Problem details >> From the entries below, print exactly the span beginning with the line holding "MAPA 根据雷乌斯和阿尔巴塞特市场的数据分享了 2024" and ending with the line holding "Deeply nourish and", endpoints included, and skip any pictures.

Information >>
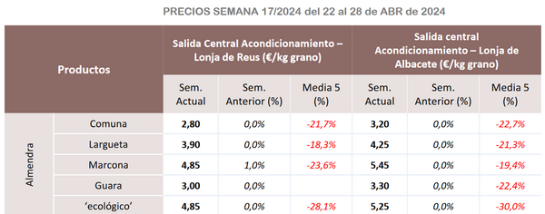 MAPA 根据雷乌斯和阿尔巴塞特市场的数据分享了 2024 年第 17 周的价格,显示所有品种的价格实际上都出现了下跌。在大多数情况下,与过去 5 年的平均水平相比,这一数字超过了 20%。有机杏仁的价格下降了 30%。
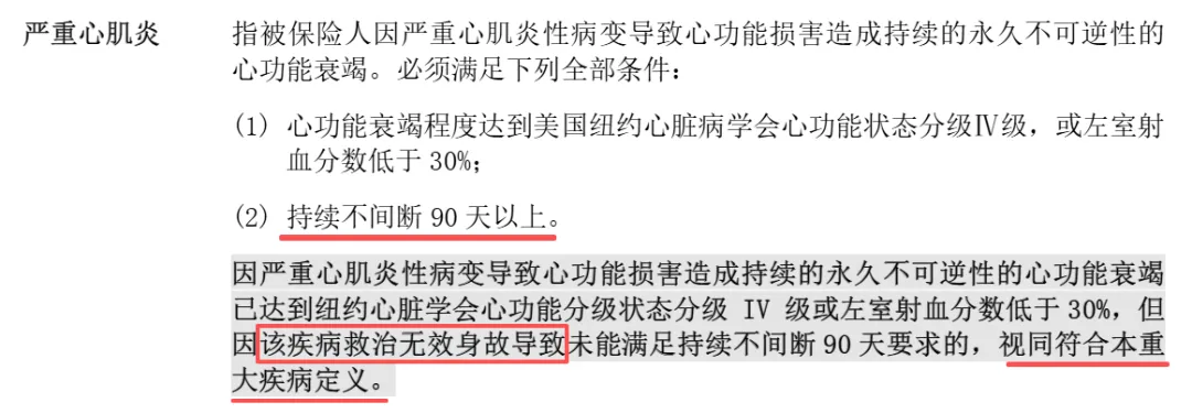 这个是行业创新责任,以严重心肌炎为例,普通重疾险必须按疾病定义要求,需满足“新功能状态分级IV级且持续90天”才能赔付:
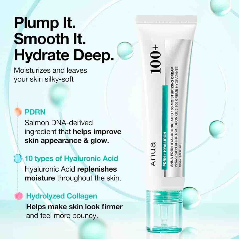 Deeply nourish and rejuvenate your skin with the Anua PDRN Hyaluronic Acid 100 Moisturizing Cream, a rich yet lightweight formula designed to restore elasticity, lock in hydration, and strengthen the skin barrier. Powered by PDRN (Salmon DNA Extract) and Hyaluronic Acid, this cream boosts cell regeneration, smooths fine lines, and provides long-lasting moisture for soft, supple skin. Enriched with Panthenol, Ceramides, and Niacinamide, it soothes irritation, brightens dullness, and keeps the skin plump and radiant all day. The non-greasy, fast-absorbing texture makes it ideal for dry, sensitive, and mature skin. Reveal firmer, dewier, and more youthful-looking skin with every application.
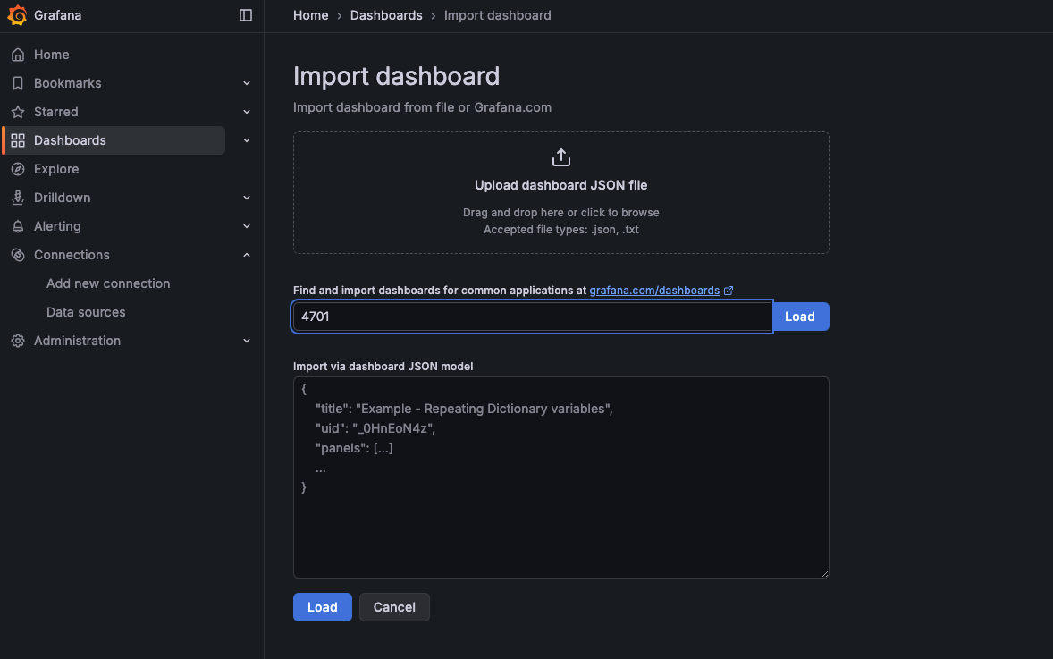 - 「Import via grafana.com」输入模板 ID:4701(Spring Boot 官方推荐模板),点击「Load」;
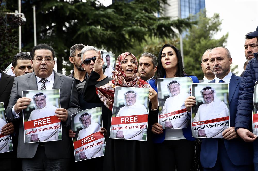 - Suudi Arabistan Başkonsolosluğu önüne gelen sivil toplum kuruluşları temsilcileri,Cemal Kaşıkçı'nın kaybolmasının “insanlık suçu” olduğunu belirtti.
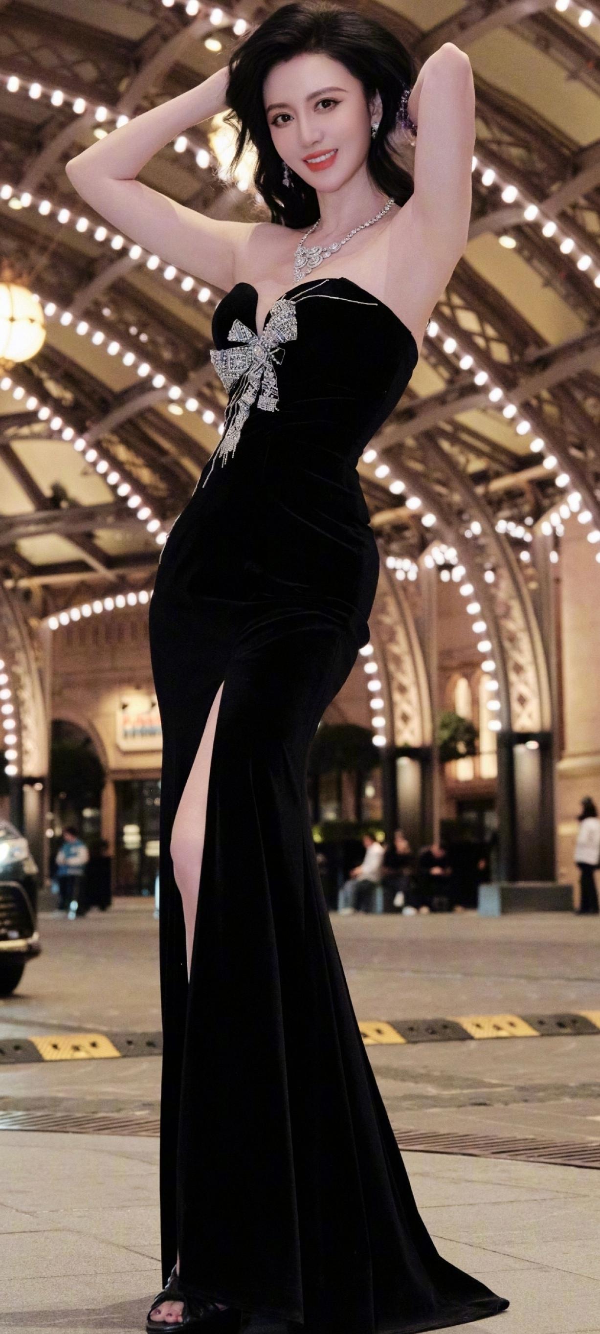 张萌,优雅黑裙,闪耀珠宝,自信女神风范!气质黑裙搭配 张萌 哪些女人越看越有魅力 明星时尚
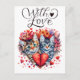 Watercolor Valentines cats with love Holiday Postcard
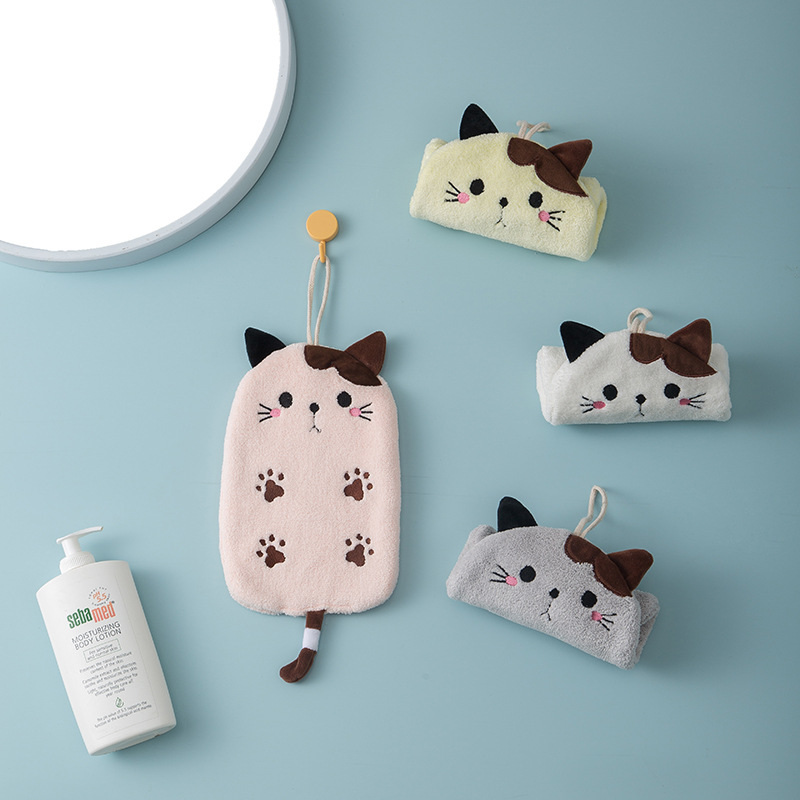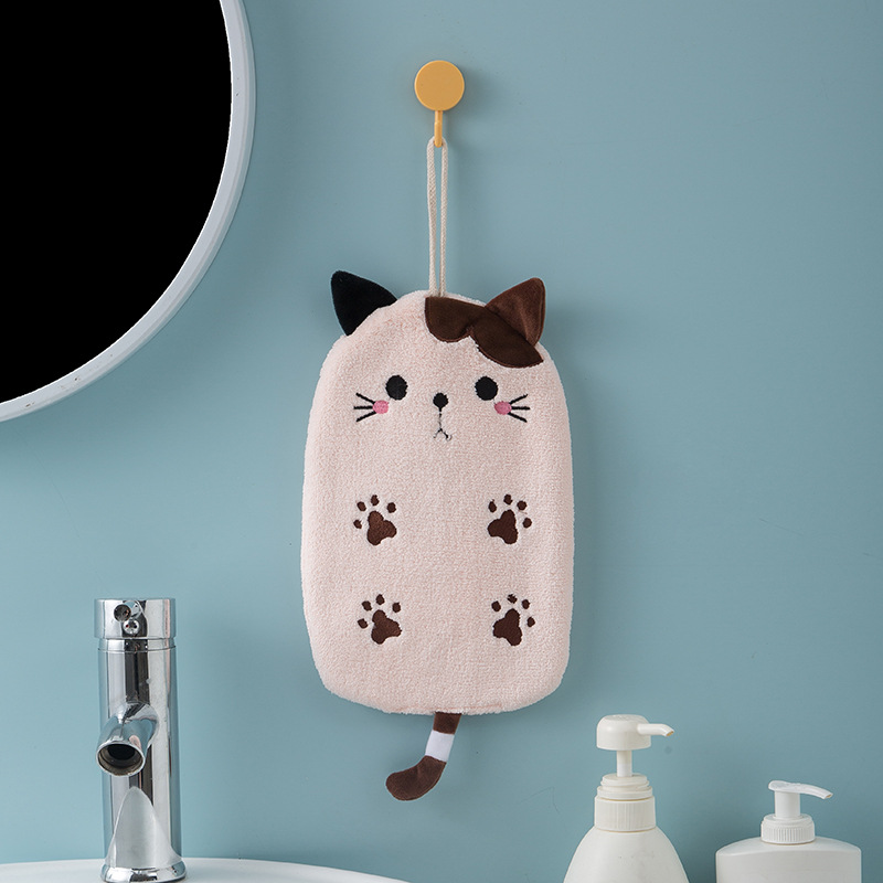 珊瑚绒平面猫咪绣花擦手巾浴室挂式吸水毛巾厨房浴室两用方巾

==

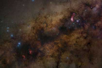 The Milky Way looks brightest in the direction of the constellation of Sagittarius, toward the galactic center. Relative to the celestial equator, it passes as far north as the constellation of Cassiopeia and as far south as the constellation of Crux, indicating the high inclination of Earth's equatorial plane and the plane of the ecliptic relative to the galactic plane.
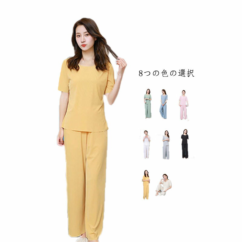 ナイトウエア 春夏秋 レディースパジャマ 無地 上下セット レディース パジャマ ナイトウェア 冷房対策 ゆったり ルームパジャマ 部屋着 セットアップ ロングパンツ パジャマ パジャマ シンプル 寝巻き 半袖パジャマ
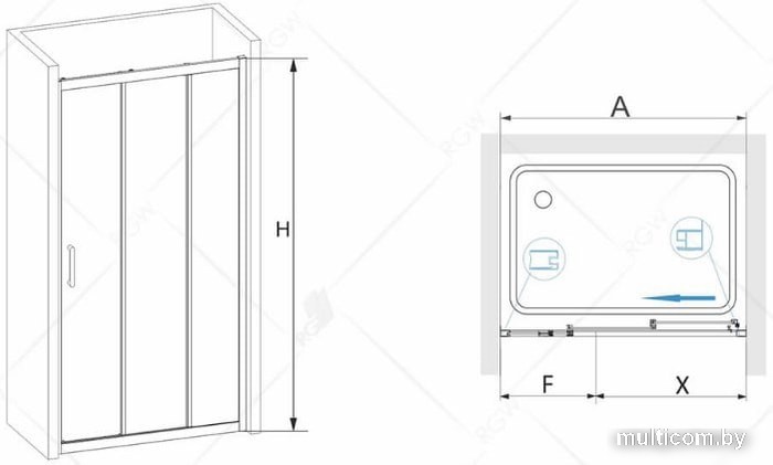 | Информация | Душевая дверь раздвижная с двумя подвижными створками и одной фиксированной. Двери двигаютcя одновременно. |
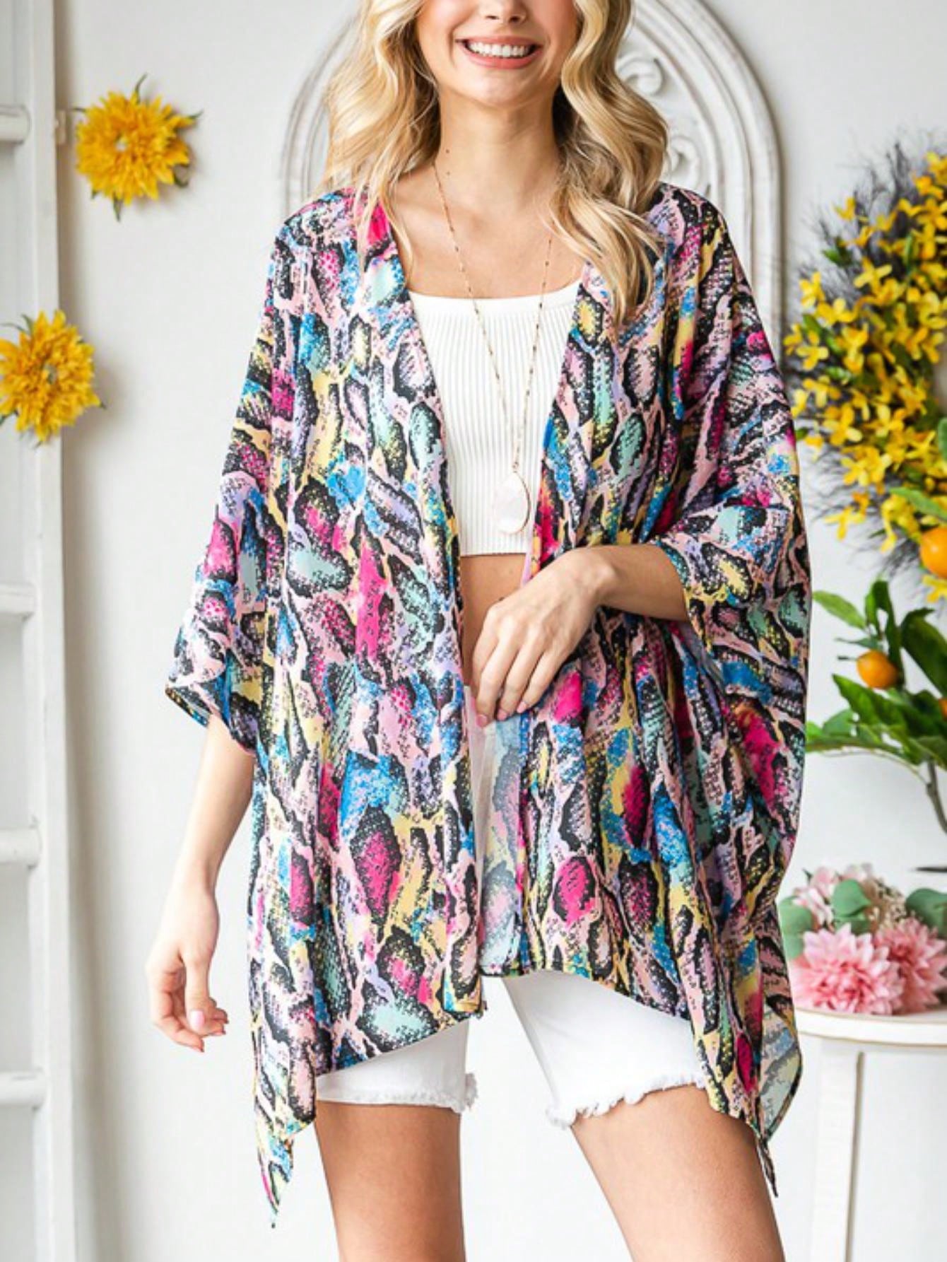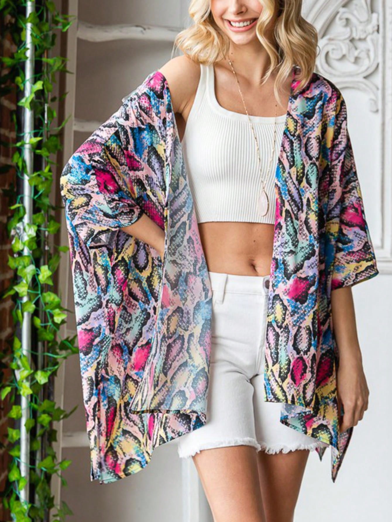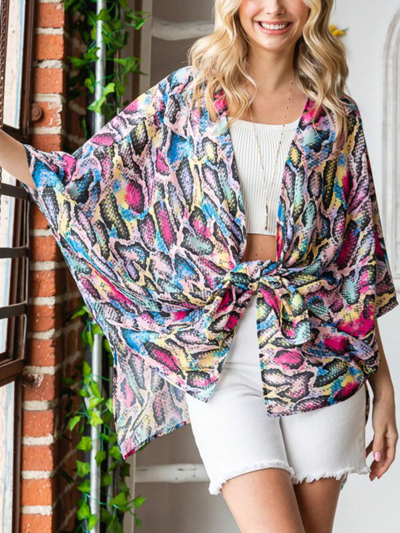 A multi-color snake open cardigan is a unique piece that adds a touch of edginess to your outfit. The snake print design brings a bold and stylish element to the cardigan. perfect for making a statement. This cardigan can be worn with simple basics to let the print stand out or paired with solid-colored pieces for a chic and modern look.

Exercise result >>
 MAPA 根据雷乌斯和阿尔巴塞特市场的数据分享了 2024 年第 17 周的价格,显示所有品种的价格实际上都出现了下跌。在大多数情况下,与过去 5 年的平均水平相比,这一数字超过了 20%。有机杏仁的价格下降了 30%。
 这个是行业创新责任,以严重心肌炎为例,普通重疾险必须按疾病定义要求,需满足“新功能状态分级IV级且持续90天”才能赔付:
 Deeply nourish and rejuvenate your skin with the Anua PDRN Hyaluronic Acid 100 Moisturizing Cream, a rich yet lightweight formula designed to restore elasticity, lock in hydration, and strengthen the skin barrier. Powered by PDRN (Salmon DNA Extract) and Hyaluronic Acid, this cream boosts cell regeneration, smooths fine lines, and provides long-lasting moisture for soft, supple skin. Enriched with Panthenol, Ceramides, and Niacinamide, it soothes irritation, brightens dullness, and keeps the skin plump and radiant all day. The non-greasy, fast-absorbing texture makes it ideal for dry, sensitive, and mature skin. Reveal firmer, dewier, and more youthful-looking skin with every application.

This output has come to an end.